Input data —
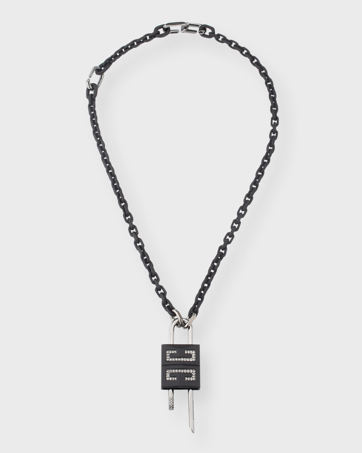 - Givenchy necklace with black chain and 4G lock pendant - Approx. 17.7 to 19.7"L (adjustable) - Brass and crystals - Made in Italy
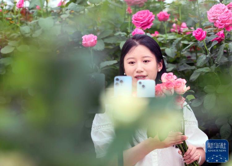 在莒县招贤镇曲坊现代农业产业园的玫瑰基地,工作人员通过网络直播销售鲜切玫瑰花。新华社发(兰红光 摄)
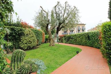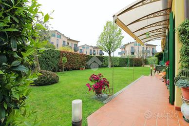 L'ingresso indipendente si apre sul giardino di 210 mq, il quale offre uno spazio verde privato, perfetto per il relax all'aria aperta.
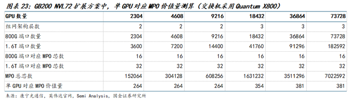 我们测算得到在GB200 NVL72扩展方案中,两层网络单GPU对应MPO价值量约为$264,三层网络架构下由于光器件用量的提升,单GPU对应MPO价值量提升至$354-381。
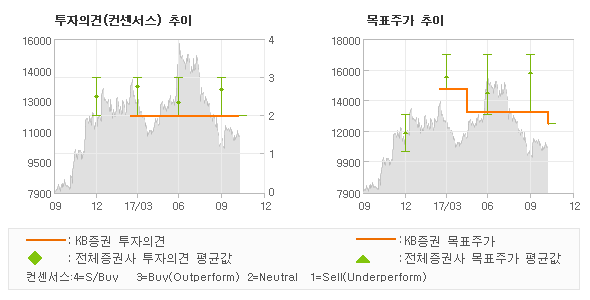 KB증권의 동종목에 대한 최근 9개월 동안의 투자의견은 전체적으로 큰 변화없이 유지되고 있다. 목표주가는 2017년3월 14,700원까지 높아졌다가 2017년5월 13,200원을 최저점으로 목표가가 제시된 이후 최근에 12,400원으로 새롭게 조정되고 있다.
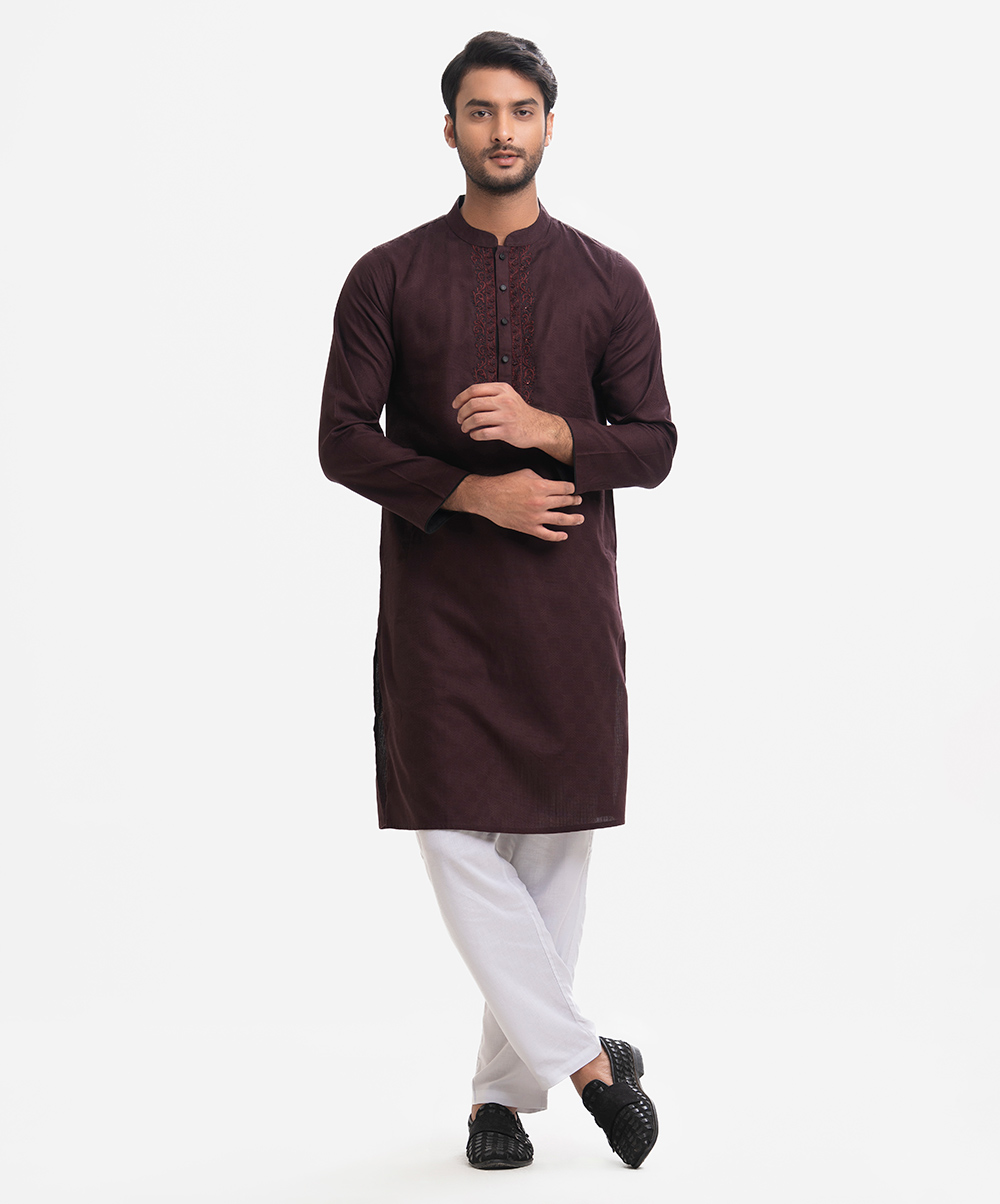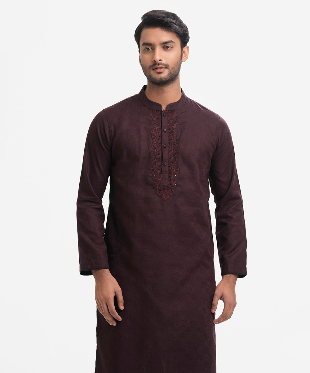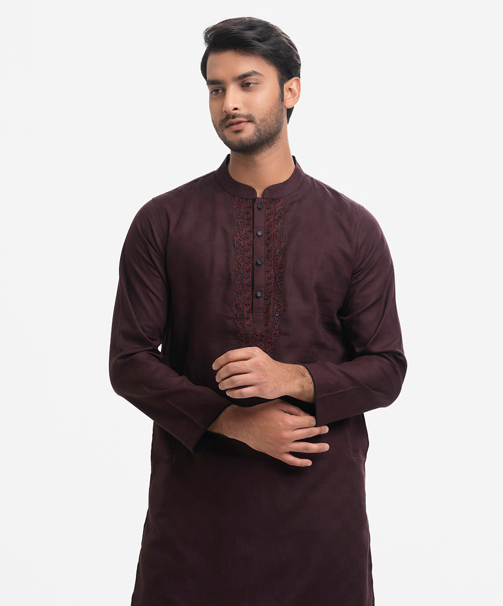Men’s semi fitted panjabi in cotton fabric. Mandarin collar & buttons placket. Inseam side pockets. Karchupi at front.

==

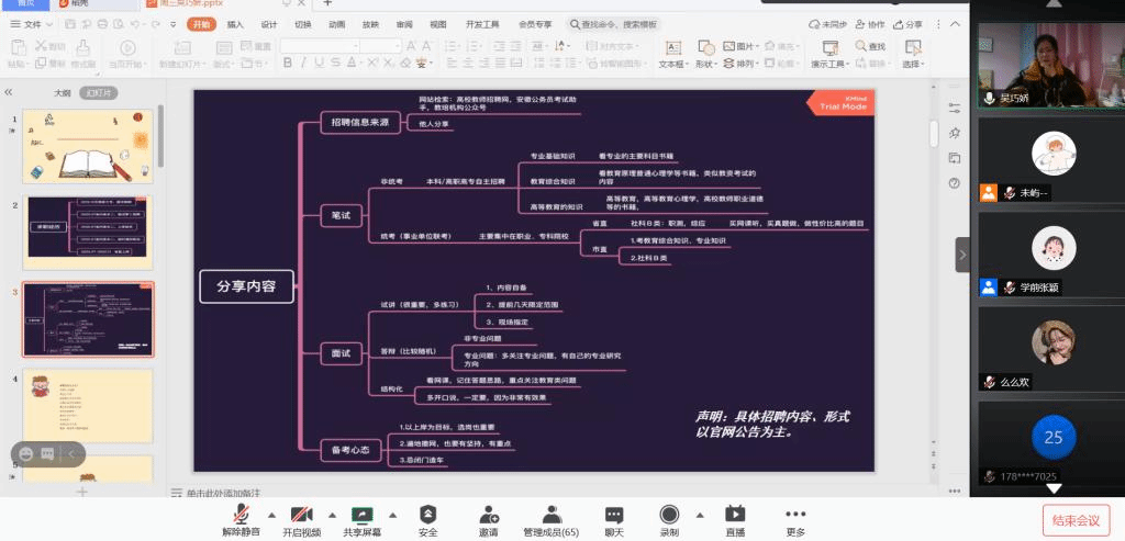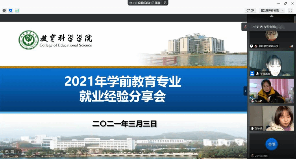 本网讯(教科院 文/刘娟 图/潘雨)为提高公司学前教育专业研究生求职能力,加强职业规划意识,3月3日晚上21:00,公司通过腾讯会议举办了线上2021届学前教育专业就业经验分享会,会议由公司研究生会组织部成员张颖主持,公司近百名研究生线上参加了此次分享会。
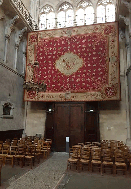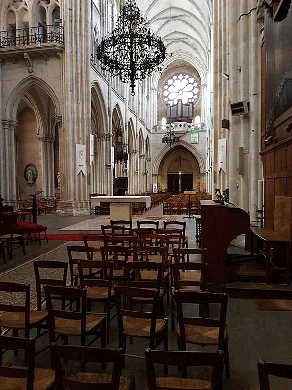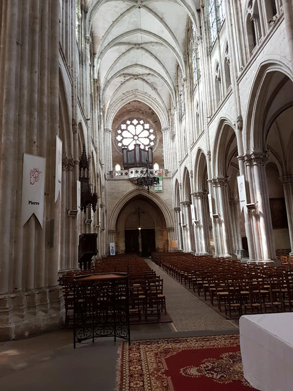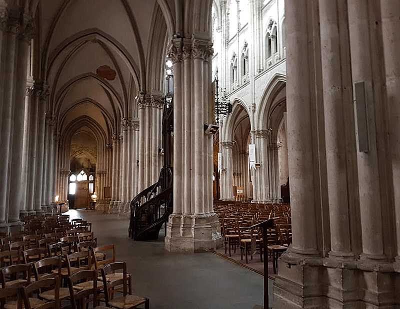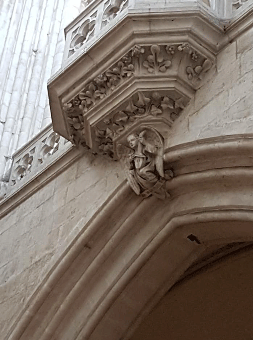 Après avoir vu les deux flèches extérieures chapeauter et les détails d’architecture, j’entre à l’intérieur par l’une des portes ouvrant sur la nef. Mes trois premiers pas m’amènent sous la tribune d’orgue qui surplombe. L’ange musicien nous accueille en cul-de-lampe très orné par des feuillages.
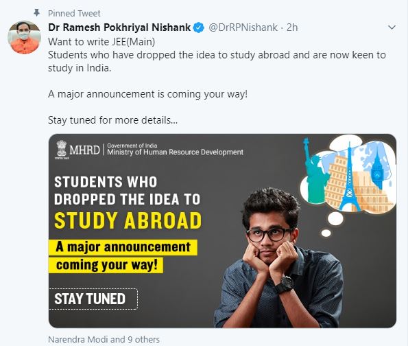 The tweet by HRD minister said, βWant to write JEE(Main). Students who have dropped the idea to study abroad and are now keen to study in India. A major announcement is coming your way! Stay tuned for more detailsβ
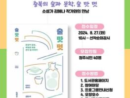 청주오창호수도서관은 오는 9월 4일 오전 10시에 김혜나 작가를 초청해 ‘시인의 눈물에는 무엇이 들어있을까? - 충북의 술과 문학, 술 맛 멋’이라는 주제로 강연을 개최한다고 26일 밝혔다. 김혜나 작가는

What to do —
Reproduce, word for word, everything in the listing above from the line containing "- Givenchy necklace" down to the line containing "在莒县招贤镇曲坊现代农业产业", both of them included. No pictures.

Reply to the exercise —
 - Givenchy necklace with black chain and 4G lock pendant - Approx. 17.7 to 19.7"L (adjustable) - Brass and crystals - Made in Italy
 在莒县招贤镇曲坊现代农业产业园的玫瑰基地,工作人员通过网络直播销售鲜切玫瑰花。新华社发(兰红光 摄)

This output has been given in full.